Еще лучше узнал я рабочих людей после революции. Я видел, как, потуже затянув ремень на голодном брюхе, шли они откачивать затопленную шахту. Я видел их на строительных лесах, и в котлованах, и в батальонах энтузиастов... Я писал о них.
Но вот передо мной сидели трое молодых рабочих, и они мне были незнакомы и недоступны. Я таких раньше не знал. У них были золотые руки мастеровых, и гордость пролетариев, и энтузиазм ударников. Но они уже не были ни пролетариями, ни мастеровыми, ни вчерашними ударниками. Это были совсем новые люди.
Признаюсь, тогда для меня самого все в них было еще не ясно и смутно... Я просто видел перед собой новых рабочих, но ни понять, ни объяснить их еще не мог.
Только два месяца спустя, когда на слете стахановцев слушал я Сталина, все объяснилось, живые черточки слились, стали на место и составили картину. И, слушая Сталина, я все время думал об Андрее и Викторе, – они сидели тут же, рядом со мной, в Кремлевском дворце. Это о них говорил Сталин, что они «люди новые, особенные», «таких людей у нас не было или почти не было года три тому назад»; это «люди культурные и технически подкованные». «Они свободны от консерватизма и застойности некоторых инженеров, техников и хозяйственников, они идут смело вперед, ломая устаревшие технические нормы и создавая новые, более высокие, они вносят поправки в проектные мощности и хозяйственные планы, составленные руководителями нашей промышленности, они то и дело дополняют и поправляют инженеров и техников, они нередко учат и толкают их вперед, ибо это – люди, вполне овладевшие техникой своего дела и умеющие выжимать из техники максимум того, что можно из нее выжать».

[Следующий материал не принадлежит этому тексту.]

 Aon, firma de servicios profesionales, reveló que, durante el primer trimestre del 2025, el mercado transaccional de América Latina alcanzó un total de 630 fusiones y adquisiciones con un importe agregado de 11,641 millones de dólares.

И так же, как я, затаив дыхание, слушали Сталина и наши герои; он и им объяснил самих себя: чувства, которые ими двигали; цели, к которым они стремились; дело, которое они сделали...

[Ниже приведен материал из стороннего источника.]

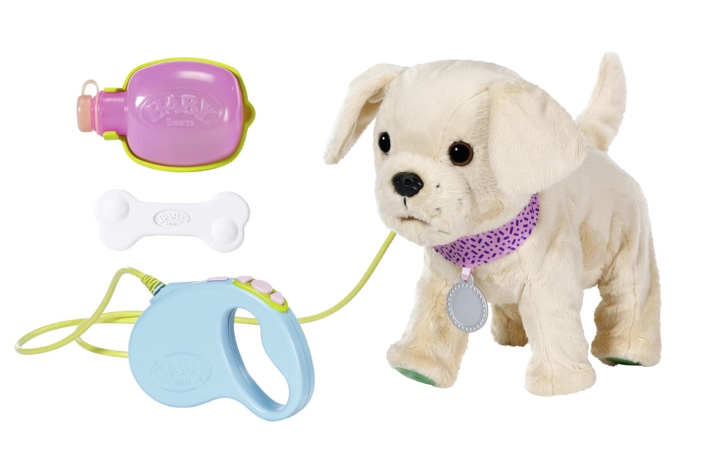 Запознайте децата с техния първи „домашен любимец“ – мекото кученце BABY Born, което реагира на допир, издава сладки кучешки звуци и може да ходи на повод. Благодарение на практичната транспортна клетка малките грижещи се могат да го вземат навсякъде със себе си и да му осигурят безопасно място за почивка.

Но это было уже в ноябре 1935 года. А тогда, в сентябре, в летнем саду шахты «Крутая Мария», ребята еще только спорили о том, что может получиться из рекордов Стаханова и Абросимова, без конца говорили об угле, добыче, о шахте и шахтерских делах с той страстью, с какой говорят о работе только советские люди, и я задумчиво слушал их не вмешиваясь. И вдруг оказался совсем далеко-далеко отсюда... На Севере. В Арктике. Так бывало и на зимовке: в час самой шумной беседы в кают-компании вдруг перелетал я мысленно сюда, на «Крутую Марию», в Донбасс...
В Арктике стоят сейчас горячие дни. Навигация... «Карская»[4]4
Карская экспедиция.
[Закрыть] в самом разгаре. Идут караваны с лесом из Игарки. Далеко в море на ледовую разведку уходят самолеты. В бухте Диксона – непрерывный сентябрьский аврал: погрузка-выгрузка. Падает дождь. Скалы черные, мокрые... Зверобои с утра уже на промысле. Радисты стоят по две-три вахты без отдыха, только изредка забегают на камбуз перекусить. В кают-компании суета: приезжают и уезжают люди... Сборы, встречи, расставания, обрывки веревок на полу...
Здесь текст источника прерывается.